As ridiculous as it sounds to have a midlife crisis at 22, when you have spent the last 6 years of your life hovelled up in your room afraid to go outside, hitting your 22nd birthday and realising you have achieved none of the things that you pictured yourself doing by this age is a shocking and terrifying revelation. At 16, I used to look at 22 year olds and I remember thinking that they were so glamorous. There was no doubting they had all their doo-doo together; the house, the car, the dream job, the husband, the amazing group of friends who shopped, holiday'd and dined at their houses each weekend. And there was no doubt in the world that I would become them. I couldn't ever have predicted that I would be living with my parents, experiencing my first 'real grown up job', only just learning to drive with my crap heap 12 year old falling apart car that cost me more per month in insurance that I have ever paid out and was my most single most expensive possession yet, and with no sniff of a boyfriend for 14 months.

And it's this revelation that made me realise that the only thing that was stopping me having the life I wanted was the fear that I couldn't have it. And clearly money because you can't do anything without money as depressing a fact as that is. So I have decided that by my 23rd birthday, I want to be able to look at myself in the mirror and see the girl that always lived in my head. The girl I would have been had I not experienced the past 6 years. The girl who isn't afraid of going into clubs, or public transport, or meeting new people, or going to work. I'm going to be the girl who has travelled extensively, a blogger and youtuber extraordinaire. I'll be in a job I am proud of and drive a car that I love, and maybe even find true love too. But most importantly, I hope I will inspire others to become the person they are inside too, without fear, or doubt, or the restriction of MENTAL ILLNESS. Because the truth about these conditions, the key thing about that term, is MENTAL. It exists only in your head, and it is only as bad as you allow it to be. Only you can take the relevant medicine, only you can fight for equal rights and treatment, and only you can decide what you will do with your life. And I don't know about you, but I don't want to look back again next year, and the year after that, and the year after that and see that my whole life has passed me by while I fret over the small things. I want to look back and be proud of the things I did manage to do, whether I was afraid or not.

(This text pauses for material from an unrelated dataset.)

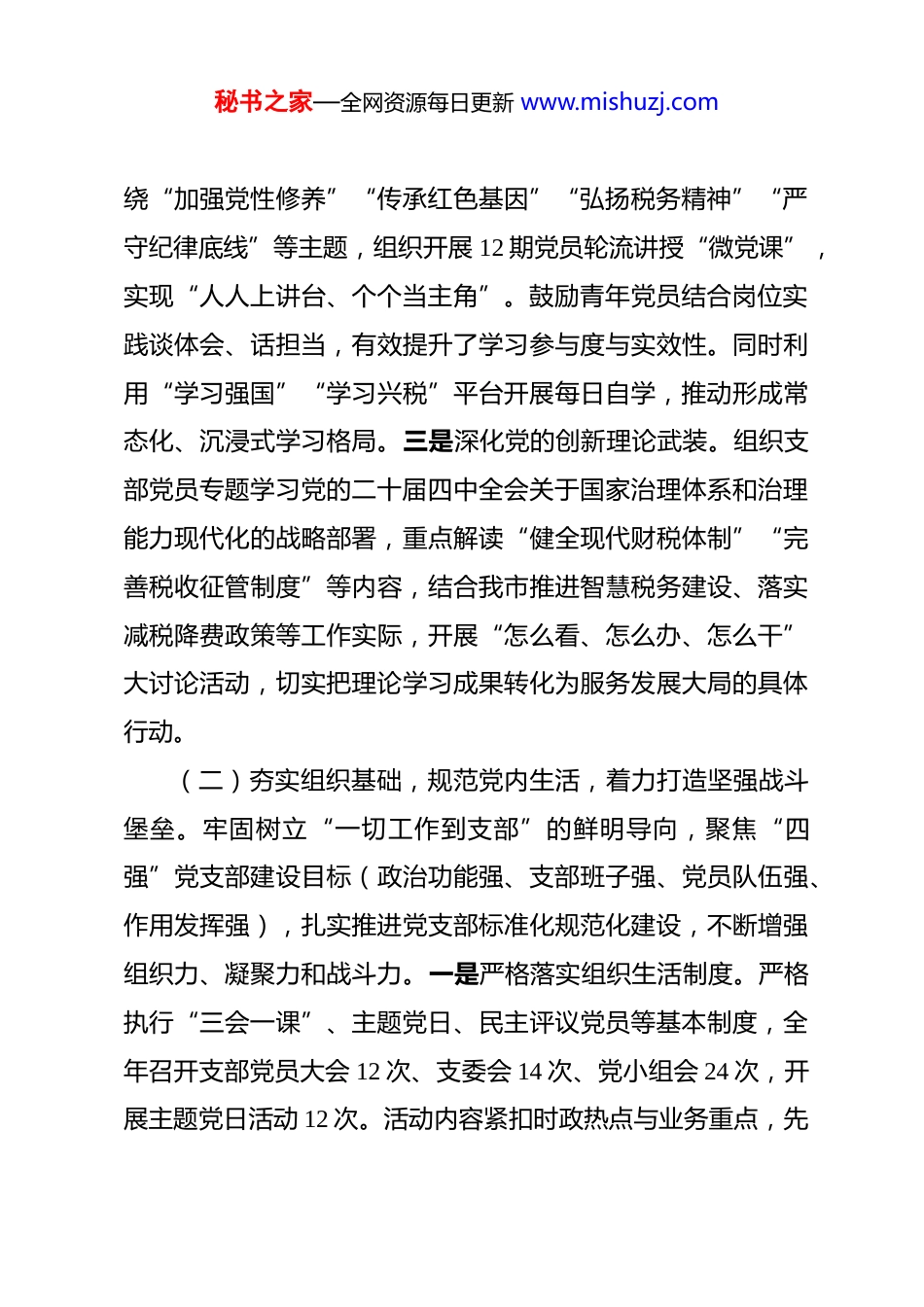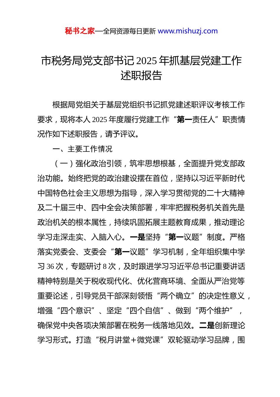 秘书之家—全网资源每日更新 www.mishuzj.com市税务局党支部书记 2025 年抓基层党建工作述职报告 根据局党组关于基层党组织书记抓党建述职评议考核工作要求,现将本人 2025 年度履行党建工作“第一责任人”职责情况作如下述职报告,请予评议。一、主要工作情况(一)强化政治引领,筑牢思想根基,全面提升党支部政治功能。始终把党的政治建设摆在首位,坚持以习近平新时代中国特色社会主义思想为指导,深入学习贯彻党的二十大精神及二十届三中、四中全会决策部署,牢牢把握税务机关首先是政治机关的根本属性,持续巩固拓展主题教育成果,推动理论学习走深走实、入脑入心。一是坚持“第一议题”制度。严格落实党委会、支委会“第一议题”学习机制,全年组织集中学习 36 次,专题研讨 8 次,及时跟进学习习近平总书记重要讲话精神特别是关于税收现代化、优化营商环境、全面从严治党等重要论述,引导党员干部深刻领悟“两个确立”的决定性意义,增强“四个意识”、坚定“四个自信”、做到“两个维护”,确保党中央各项决策部署在税务一线落地见效。二是创新理论学习形式。打造“税月讲堂+微党课”双轮驱动学习品牌,围秘书之家—全网资源每日更新 www.mishuzj.com绕“加强党性修养”“传承红色基因”“弘扬税务精神”“严守纪律底线”等主题,组织开展 12 期党员轮流讲授“微党课”,实现“人人上讲台、个个当主角”。鼓励青年党员结合岗位实践谈体会、话担当,有效提升了学习参与度与实效性。同时利用“学习强国”“学习兴税”平台开展每日自学,推动形成常态化、沉浸式学习格局。三是深化党的创新理论武装。组织支部党员专题学习党的二十届四中全会关于国家治理体系和治理能力现代化的战略部署,重点解读“健全现代财税体制”“完善税收征管制度”等内容,结合我市推进智慧税务建设、落实减税降费政策等工作实际,开展“怎么看、怎么办、怎么干”大讨论活动,切实把理论学习成果转化为服务发展大局的具体行动。(二)夯实组织基础,规范党内生活,着力打造坚强战斗堡垒。牢固树立“一切工作到支部”的鲜明导向,聚焦“四强”党支部建设目标(政治功能强、支部班子强、党员队伍强、作用发挥强),扎实推进党支部标准化规范化建设,不断增强组织力、凝聚力和战斗力。一是严格落实组织生活制度。严格执行“三会一课”、主题党日、民主评议党员等基本制度,全年召开支部党员大会 12 次、支委会 14 次、党小组会 24 次,开展主题党日活动 12 次。活动内容紧扣时政热点与业务重点,先秘书之家—全网资源每日更新 www.mishuzj.com后组织参观市廉政教育基地、观看《零容忍》《永远吹冲锋号》等警示教育片,赴革命纪念馆开展“缅怀先烈、砥砺初心”现场教学,进一步增强党性教育的感染力与穿透力。二是推进民主管理与阳光运行。坚持民主集中制原则,凡涉及评优评先、发展党员、经费使用等重大事项均经支委会集体研究,并在党员大会上通报结果,保障党员知情权、参与权和监督权。建立支部工作公开栏,定期公示党费收缴、组织生活开展等情况,接受群众监督,提升透明度与公信力。三是强化仪式感教育。在每月主题党日中固化“重温入党誓词”环节,为当月入党的同志过“政治生日”,赠送贺卡与书籍,组织分享初心故事,唤醒党员身份意识。全年共为 15 名党员过政治生日,收到心得体会 40 余篇,营造了浓厚的政治氛围。四是注重典型示范带动。积极争创先进基层党组织,2025 年我支部被评为“市级示范党支部”“百强战斗堡垒”培育单位”“市直机关先进基层党组织”。3 名同志获评“党员先锋岗”,2 个党小组荣获“红旗党小组”称号,在全局形成比学赶超的良好局面。(三)锤炼过硬作风,建强党员队伍,激发干事创业内生动力。坚持把党员队伍建设作为基础工程来抓,突出严管厚爱结合、激励约束并重,着力锻造一支信念坚定、业务精通、作风优良的税务铁军。一是发挥先锋模范作用。组建“党员志愿秘书之家—全网资源每日更新 www.mishuzj.com服务队”,积极参与文明城市创建、冬季扫雪除冰、扶贫帮困等活动。全年开展“双报到”社区共建活动 10 次,帮助解决居民急难...

I guess what I'm trying to say is that it's time to make a change. Not tomorrow, or when I get my new job, or when my meds change, or when I get to CBT, but NOW. TODAY. And if any of this relates to you at all, then maybe today is the time for you to change too. If this post helps even one person, then it's worth the time to open my heart, and change with you. Let's change together.

Take control of your world.

Puddy <3

1 comment:

  1. What a lovely and inspiring post. Best of luck with your CBT.